Some of the blood that enters the terminal capillaries continues through the microcirculation and enters highly distensible storage areas called venous sinuses in the red pulp of the spleen. The venous sinuses are capable of storing more than 300 ml of blood. Passive dilation of the venous sinuses enables the spleen to increase its storage capacity as needed by the body. Sudden reductions in blood pressure cause the sympathetic nervous system to stimulate constriction of the sinuses, resulting in expulsion of as much as 200 ml of blood into the venous circulation, which helps restore blood volume and increases the hematocrit by as much as 4%.

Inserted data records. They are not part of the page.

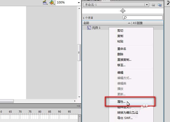 10、在庫(kù)中找到剛才的元件右擊選擇屬性。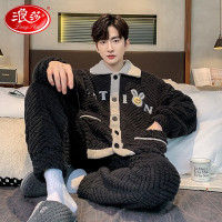 浪莎睡衣男士珊瑚绒秋冬季加绒加厚法兰绒开衫长袖长裤外穿家居服套装 家居休闲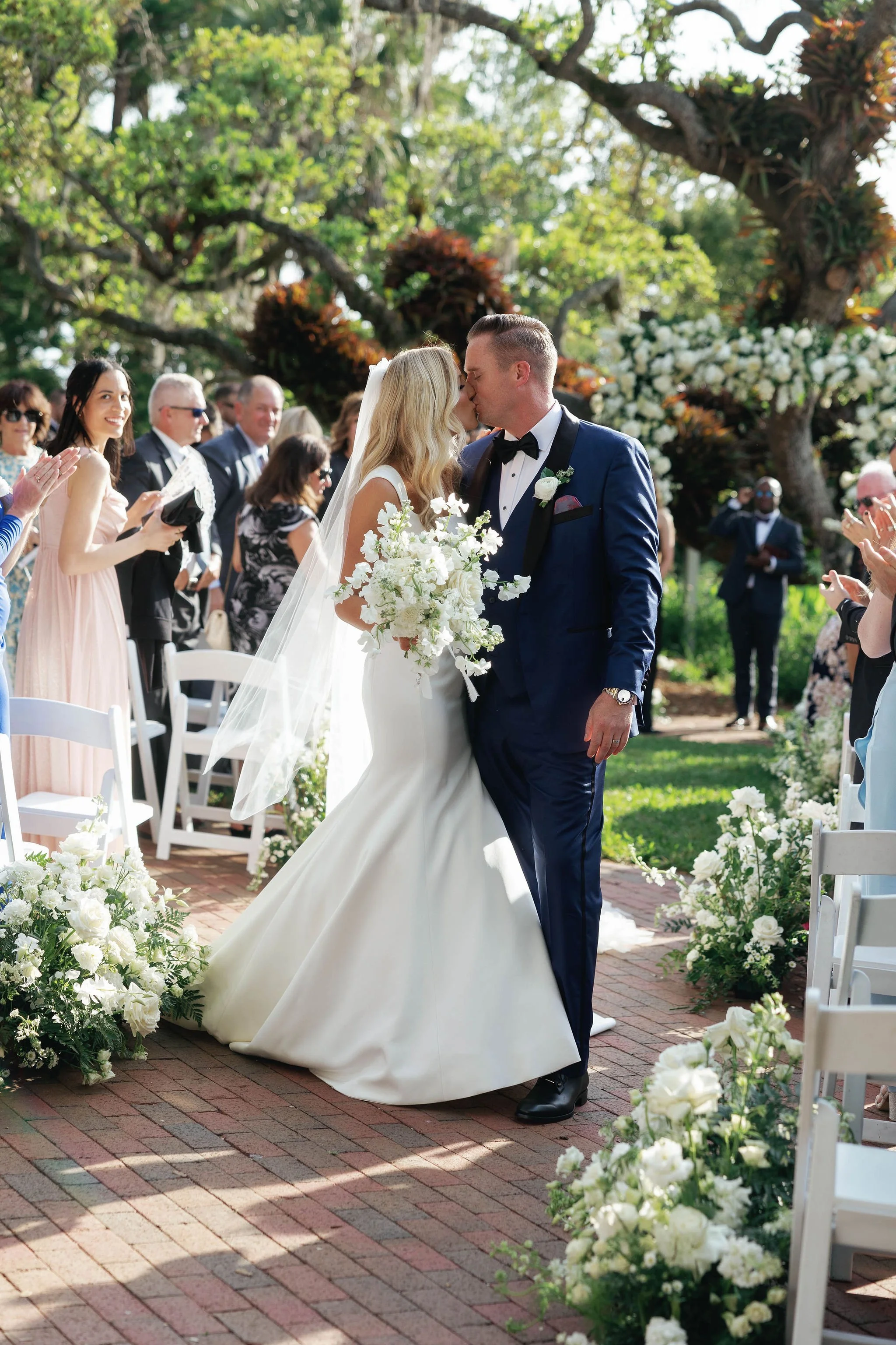 Olivia and Jason’s Wedding at Marie Selby Botanical Gardens in Sarasota, Florida, was the perfect blend of classic romance and whimsical garden charm. Their Ceremony beneath the majestic Oak Tree felt like something out of a fairytale, with garden white blooms, rich greenery, and soft neutral tones setting the scene. Guests were then welcomed to Cocktail Hour on the terrace and patio, surrounded by the natural beauty of the gardens and the promise of an enchanting evening ahead.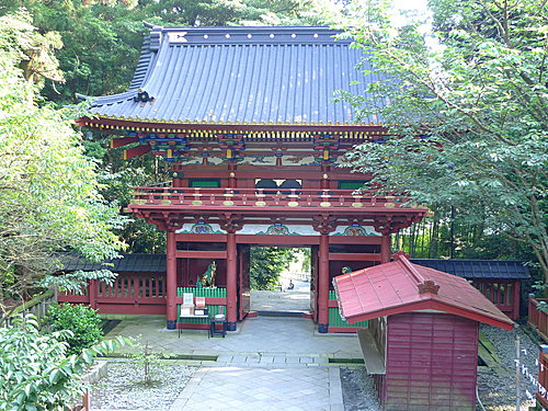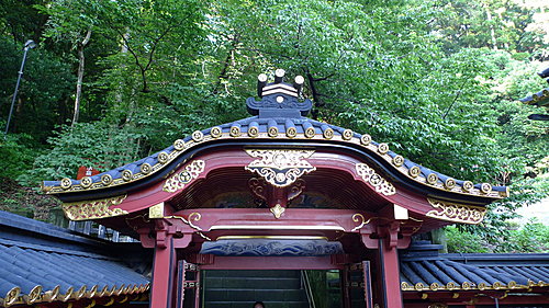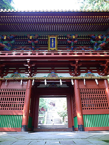 一出纜車站左轉,感覺到濃濃的古意,國寶級的山門上懸掛著天皇御筆所題的"東照大権現"。闗於德川家康公的神號為何叫做"東照大權現"?

The endothelial lining of the venous sinuses is discontinuous (having gaps between endothelial cells) and therefore extremely permeable so that blood cells are allowed to exit the circulation (Figure 25-6). The red pulp contains a system of loosely interconnected resident macrophages that provide the principal site of splenic filtration. Because of the slow circulation in the sinuses, the macrophages easily phagocytose old, damaged, or dead blood cells of all kinds (but chiefly erythrocytes), microorganisms, macromolecules, and particles of debris. Hemoglobin from phagocytosed erythrocytes is catabolized, and heme (iron) is stored in the cytoplasm of the macrophages or released back into the blood (see Figure 25-16). The macrophages also can remove particulate inclusions containing denatured hemoglobin (Heinz bodies) from erythrocytes without harming the cells themselves. Blood that filters through the red pulp also finds its way into the venous sinuses and hence into the portal circulation.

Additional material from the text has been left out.